* _WHAT TO PRODUCE_: Repeat each line of the data below exactly, but skip the pictures.

* _RECORDED DATA_:

"""

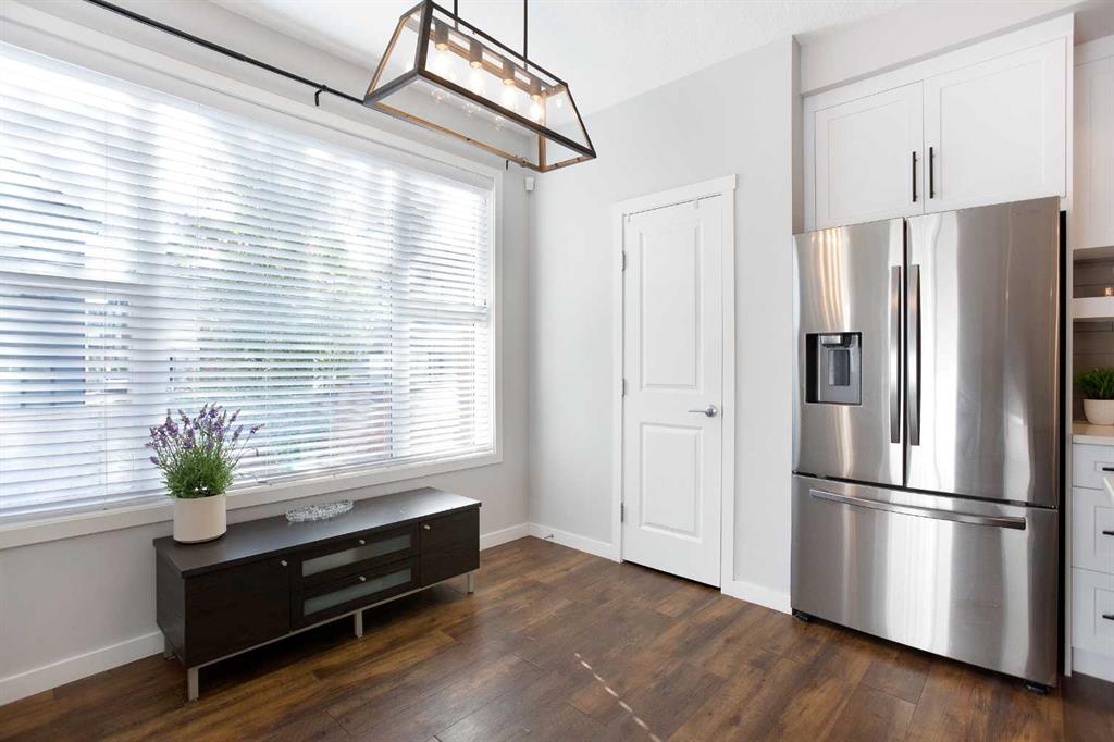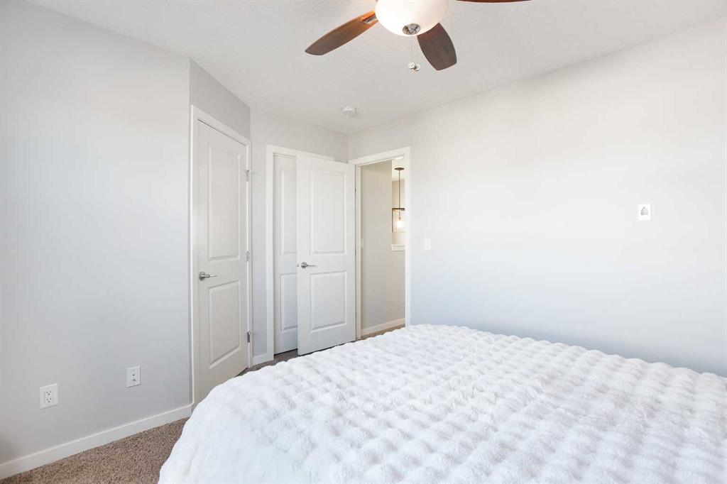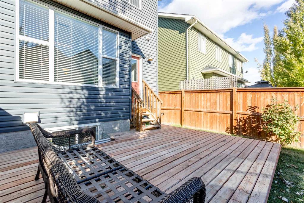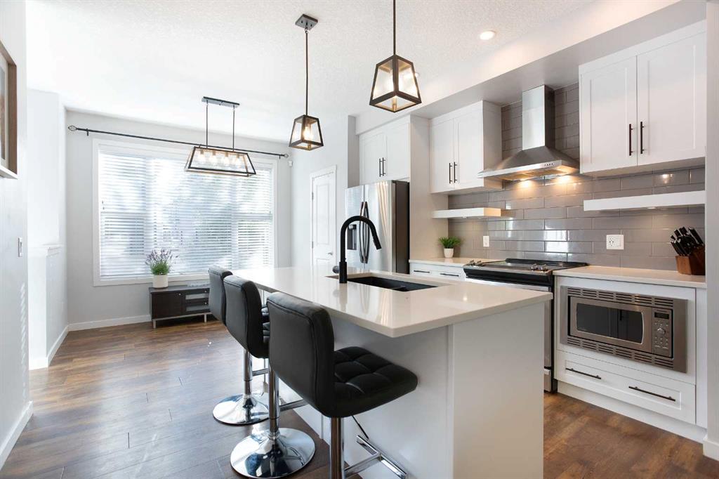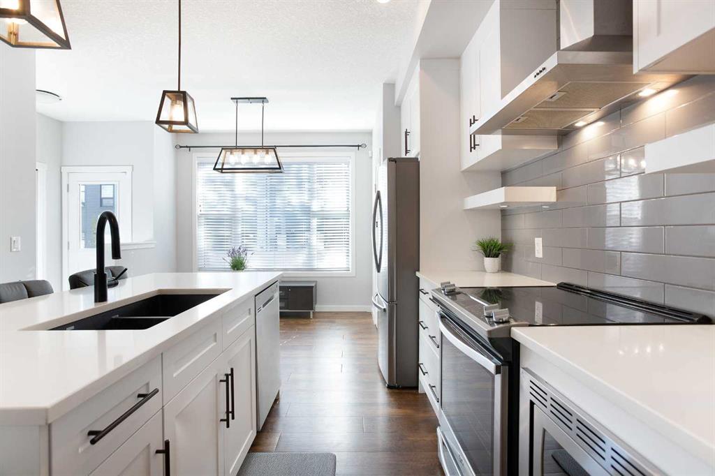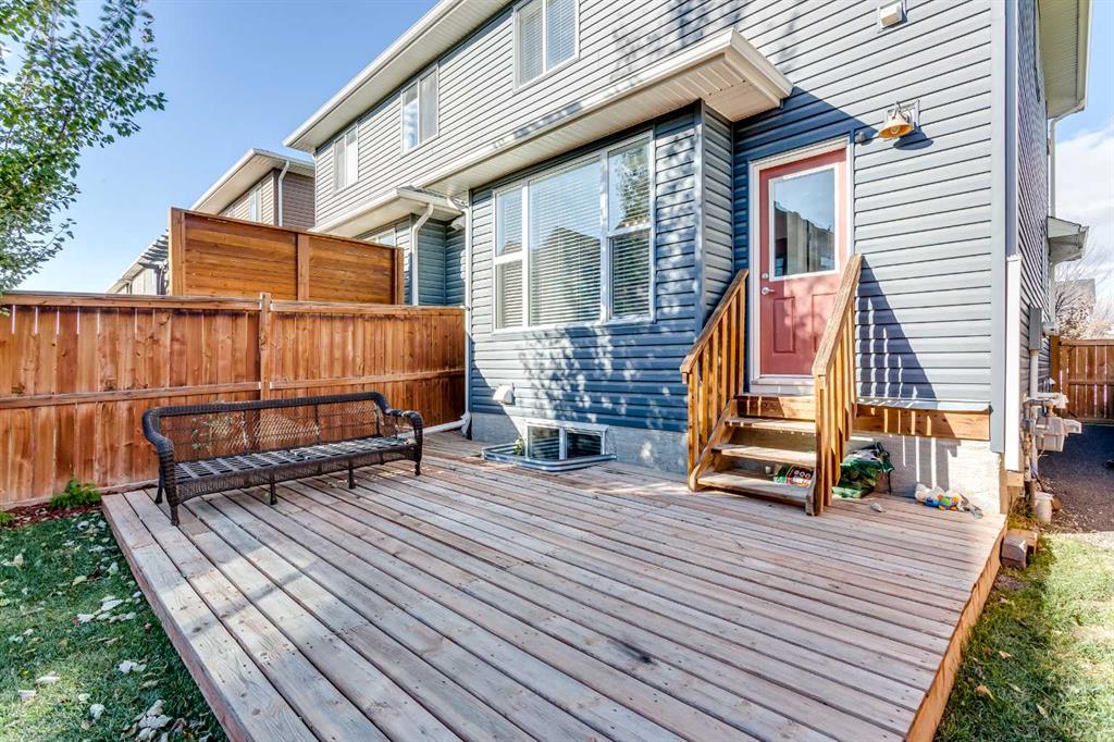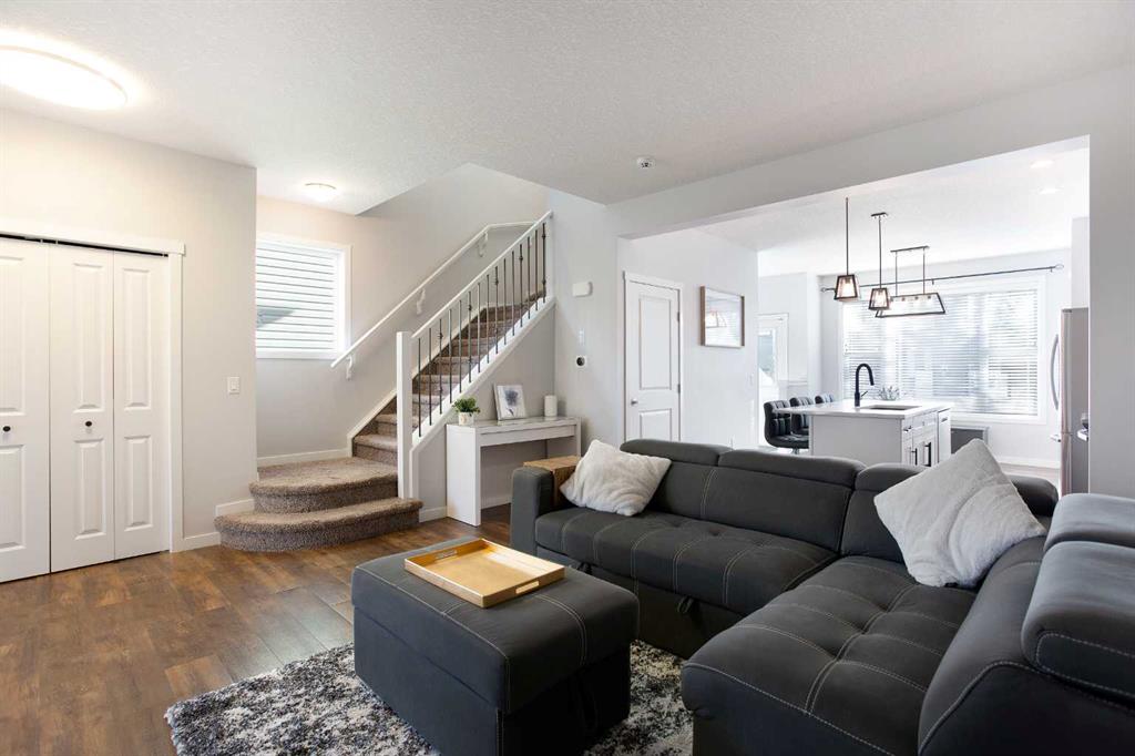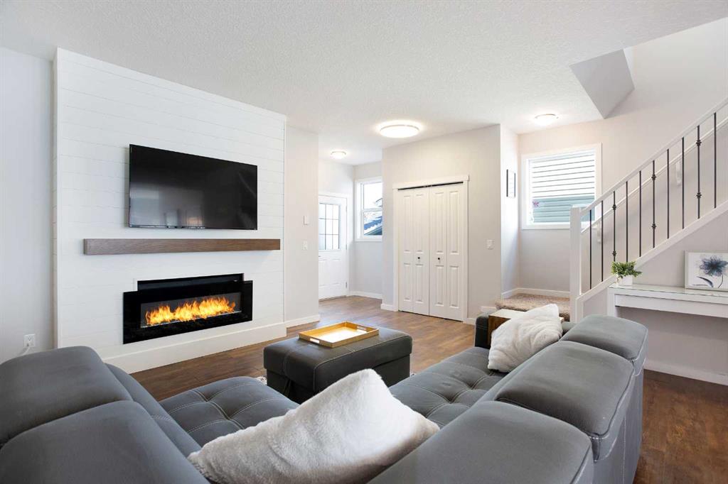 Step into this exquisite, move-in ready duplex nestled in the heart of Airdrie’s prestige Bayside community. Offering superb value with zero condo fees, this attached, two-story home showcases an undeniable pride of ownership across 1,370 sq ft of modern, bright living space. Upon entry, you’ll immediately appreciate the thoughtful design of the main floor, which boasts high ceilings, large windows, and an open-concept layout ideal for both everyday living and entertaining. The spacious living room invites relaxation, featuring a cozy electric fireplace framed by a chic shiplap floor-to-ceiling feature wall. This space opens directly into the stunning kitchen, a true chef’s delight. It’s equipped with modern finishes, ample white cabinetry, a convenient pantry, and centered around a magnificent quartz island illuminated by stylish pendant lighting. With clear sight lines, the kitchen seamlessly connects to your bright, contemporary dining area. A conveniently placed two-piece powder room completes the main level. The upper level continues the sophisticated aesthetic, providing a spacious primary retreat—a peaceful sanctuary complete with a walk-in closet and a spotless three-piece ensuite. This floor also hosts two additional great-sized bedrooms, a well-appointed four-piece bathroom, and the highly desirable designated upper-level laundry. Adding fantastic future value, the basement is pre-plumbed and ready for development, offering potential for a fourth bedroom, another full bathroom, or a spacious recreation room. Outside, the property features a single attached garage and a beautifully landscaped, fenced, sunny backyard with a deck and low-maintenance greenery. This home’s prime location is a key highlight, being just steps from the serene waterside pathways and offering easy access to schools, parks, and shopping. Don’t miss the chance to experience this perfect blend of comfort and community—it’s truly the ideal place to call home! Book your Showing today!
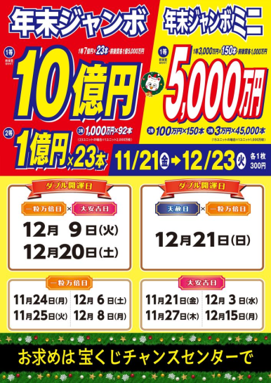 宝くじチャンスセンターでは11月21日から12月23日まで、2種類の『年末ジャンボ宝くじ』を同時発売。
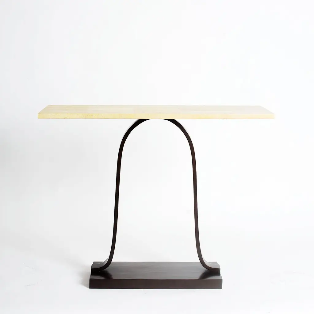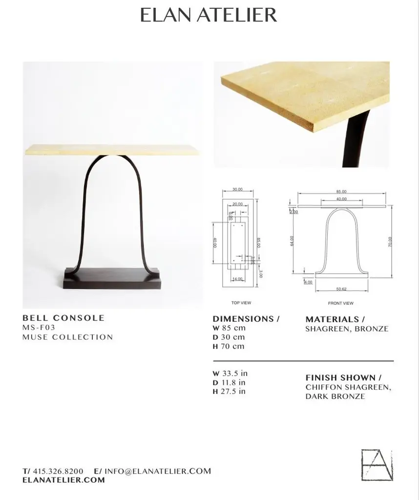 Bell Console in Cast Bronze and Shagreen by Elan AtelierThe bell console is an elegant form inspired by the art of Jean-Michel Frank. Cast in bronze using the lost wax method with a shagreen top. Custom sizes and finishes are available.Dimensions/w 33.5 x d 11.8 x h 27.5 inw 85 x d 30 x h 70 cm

"""

* _YOUR RESPONSE_:
 Step into this exquisite, move-in ready duplex nestled in the heart of Airdrie’s prestige Bayside community. Offering superb value with zero condo fees, this attached, two-story home showcases an undeniable pride of ownership across 1,370 sq ft of modern, bright living space. Upon entry, you’ll immediately appreciate the thoughtful design of the main floor, which boasts high ceilings, large windows, and an open-concept layout ideal for both everyday living and entertaining. The spacious living room invites relaxation, featuring a cozy electric fireplace framed by a chic shiplap floor-to-ceiling feature wall. This space opens directly into the stunning kitchen, a true chef’s delight. It’s equipped with modern finishes, ample white cabinetry, a convenient pantry, and centered around a magnificent quartz island illuminated by stylish pendant lighting. With clear sight lines, the kitchen seamlessly connects to your bright, contemporary dining area. A conveniently placed two-piece powder room completes the main level. The upper level continues the sophisticated aesthetic, providing a spacious primary retreat—a peaceful sanctuary complete with a walk-in closet and a spotless three-piece ensuite. This floor also hosts two additional great-sized bedrooms, a well-appointed four-piece bathroom, and the highly desirable designated upper-level laundry. Adding fantastic future value, the basement is pre-plumbed and ready for development, offering potential for a fourth bedroom, another full bathroom, or a spacious recreation room. Outside, the property features a single attached garage and a beautifully landscaped, fenced, sunny backyard with a deck and low-maintenance greenery. This home’s prime location is a key highlight, being just steps from the serene waterside pathways and offering easy access to schools, parks, and shopping. Don’t miss the chance to experience this perfect blend of comfort and community—it’s truly the ideal place to call home! Book your Showing today!
 宝くじチャンスセンターでは11月21日から12月23日まで、2種類の『年末ジャンボ宝くじ』を同時発売。
 Bell Console in Cast Bronze and Shagreen by Elan AtelierThe bell console is an elegant form inspired by the art of Jean-Michel Frank. Cast in bronze using the lost wax method with a shagreen top. Custom sizes and finishes are available.Dimensions/w 33.5 x d 11.8 x h 27.5 inw 85 x d 30 x h 70 cm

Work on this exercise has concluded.